▸ WHAT TO DO
Apart from the pictures, print the data below exactly as given.

(Dataset items)
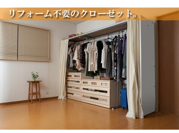 | クローゼットがない方・洋服が溢れている方にはもってこいの置き型クローゼットロッカー。伸縮機能付きで部屋に合わせて伸長します。ハンガーの耐荷重量は約50あるのでたっぷりと衣類を収納でき溢れかえった衣類をひとまとめに収納できます。カーテンレールできっちりと閉めることができ、本格的レールで既製カーテンも取り替えできるので、お部屋の雰囲気に合わせてご使用可能です。床の歪みをアジャスターで調整できしっかりと設置できます。じゅうたんなどぐらつきやすい場所での調節ができて大変便利。シリーズバリエーションが幅・カラーともに3タイプと更にたっぷり収納できる上棚付きタイプと様々なシーンに大活躍! |
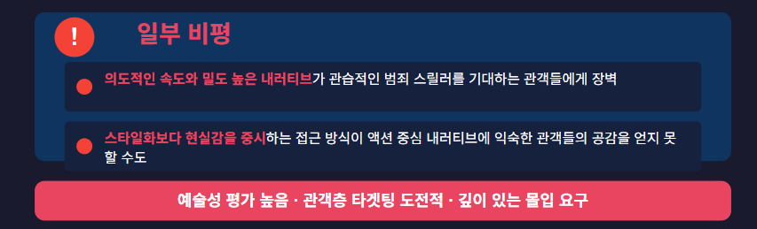 다만 일부 평론가들은 영화의 의도적인 속도와 밀도 높은 내러티브가 더 관습적인 범죄 스릴러를 기대하는 관객들에게는 잠재적 장벽이 될 수 있다고 지적했습니다. 스타일화보다 현실감을 중시하는 영화의 접근 방식이 액션 중심의 내러티브에 익숙한 모든 관객들에게 공감을 얻지 못할 수도 있다는 의견이 있었습니다.
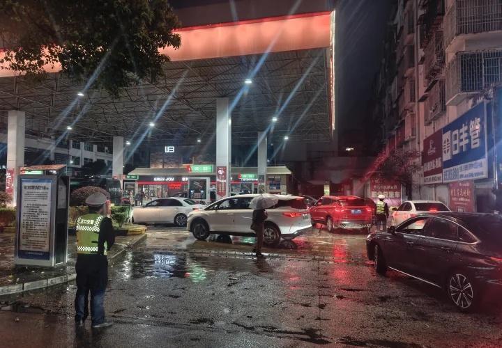 3月24日0时,国内成品油价格大幅上调,调价前夜,江口县城区各加油站迎来集中加油高峰,车辆扎堆排队、部分站点周边车流拥堵。为保障道路通行有序、群众出行安全,江口县公安局交管大队快速响应、主动作为,派出警力在城区各加油站及周边道路巡逻值守与秩序维护,直至当日凌晨,用坚守筑牢交通安全防线,全力疏导车流、规范排队秩序。
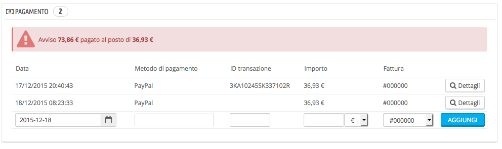 Bottega Agraria Posted March 18, 2016 Author Share Posted March 18, 2016 Ciao a tutti, ho lo stesso problema e vedo che non è stato risolto. Anche a me da un pagamento con il numero di transazione corretta al momento dell'ordine, e uno dopo circa 20 minuti dove viene collegato ad un numero di fattura di PS che è #FA000000. Controllando su paypal la transazione è solo una ed è corretto, ma su PS c'è questo errore e vorrei risolverlo. Ho già disabilitato sia le bolle sia le fatture dal backend ma non cambia nulla. Qualcuno ha idee? Ciao, io ho risolto così: Vai in Ordini/stati e depenna la voce fatture dove non è necessaria... se è abilitata sia su pagamento che su consegna ti verrà contata doppia (e di seguito il pagamento) anche se hai disabilitato le fatture da Fatture/Attiva fatturazione (NO) Ciao Sara Link to comment Share on other sites More sharing options...
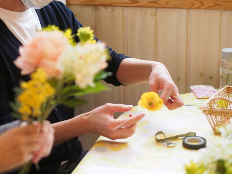 フラワーアレンジメントのご経験がないお二人でしたが、非常に手早く制作されていた姿が印象的でした。
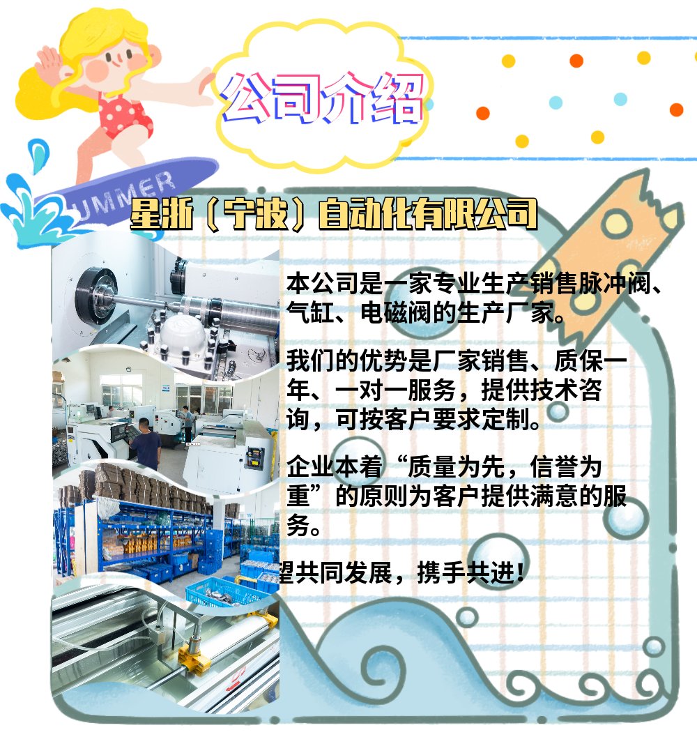 星浙(宁波)自动化有限公司-星浙气动。星浙气动是一家专业研发,生产及销售经验的高新技术企业。公司负责生产气动阀门、控制器系统、振动器输送等气动元件。交通便利,位多年来,经全体员工共同奋斗,艰苦创业,勇于拼搏,抓管理,抓质量,终于闯出了自己的市场为导向,以质量求生存的道路,不断地创新,并树立坚定不移的以质取胜的信念。多年来深受客户的好评,以好的产品和完善的服务赢得用户的信赖。我们以全新的市场理念,建立了以客户完善的用户信息反馈系统,认真用户的意见,不断地改进,良好的售后服务,赢的了用户的信赖。置优越,位于宁波奉化江口街道,南是全球五百佳滕头村,西是萧王庙接到塘湾村,公司产品被大量运用于化工、冶金、钢铁、水泥、热电、锅炉、焚烧等环保设备。

▸ ANSWER BOX
 | クローゼットがない方・洋服が溢れている方にはもってこいの置き型クローゼットロッカー。伸縮機能付きで部屋に合わせて伸長します。ハンガーの耐荷重量は約50あるのでたっぷりと衣類を収納でき溢れかえった衣類をひとまとめに収納できます。カーテンレールできっちりと閉めることができ、本格的レールで既製カーテンも取り替えできるので、お部屋の雰囲気に合わせてご使用可能です。床の歪みをアジャスターで調整できしっかりと設置できます。じゅうたんなどぐらつきやすい場所での調節ができて大変便利。シリーズバリエーションが幅・カラーともに3タイプと更にたっぷり収納できる上棚付きタイプと様々なシーンに大活躍! |
 다만 일부 평론가들은 영화의 의도적인 속도와 밀도 높은 내러티브가 더 관습적인 범죄 스릴러를 기대하는 관객들에게는 잠재적 장벽이 될 수 있다고 지적했습니다. 스타일화보다 현실감을 중시하는 영화의 접근 방식이 액션 중심의 내러티브에 익숙한 모든 관객들에게 공감을 얻지 못할 수도 있다는 의견이 있었습니다.
 3月24日0时,国内成品油价格大幅上调,调价前夜,江口县城区各加油站迎来集中加油高峰,车辆扎堆排队、部分站点周边车流拥堵。为保障道路通行有序、群众出行安全,江口县公安局交管大队快速响应、主动作为,派出警力在城区各加油站及周边道路巡逻值守与秩序维护,直至当日凌晨,用坚守筑牢交通安全防线,全力疏导车流、规范排队秩序。
 Bottega Agraria Posted March 18, 2016 Author Share Posted March 18, 2016 Ciao a tutti, ho lo stesso problema e vedo che non è stato risolto. Anche a me da un pagamento con il numero di transazione corretta al momento dell'ordine, e uno dopo circa 20 minuti dove viene collegato ad un numero di fattura di PS che è #FA000000. Controllando su paypal la transazione è solo una ed è corretto, ma su PS c'è questo errore e vorrei risolverlo. Ho già disabilitato sia le bolle sia le fatture dal backend ma non cambia nulla. Qualcuno ha idee? Ciao, io ho risolto così: Vai in Ordini/stati e depenna la voce fatture dove non è necessaria... se è abilitata sia su pagamento che su consegna ti verrà contata doppia (e di seguito il pagamento) anche se hai disabilitato le fatture da Fatture/Attiva fatturazione (NO) Ciao Sara Link to comment Share on other sites More sharing options...
 フラワーアレンジメントのご経験がないお二人でしたが、非常に手早く制作されていた姿が印象的でした。
 星浙(宁波)自动化有限公司-星浙气动。星浙气动是一家专业研发,生产及销售经验的高新技术企业。公司负责生产气动阀门、控制器系统、振动器输送等气动元件。交通便利,位多年来,经全体员工共同奋斗,艰苦创业,勇于拼搏,抓管理,抓质量,终于闯出了自己的市场为导向,以质量求生存的道路,不断地创新,并树立坚定不移的以质取胜的信念。多年来深受客户的好评,以好的产品和完善的服务赢得用户的信赖。我们以全新的市场理念,建立了以客户完善的用户信息反馈系统,认真用户的意见,不断地改进,良好的售后服务,赢的了用户的信赖。置优越,位于宁波奉化江口街道,南是全球五百佳滕头村,西是萧王庙接到塘湾村,公司产品被大量运用于化工、冶金、钢铁、水泥、热电、锅炉、焚烧等环保设备。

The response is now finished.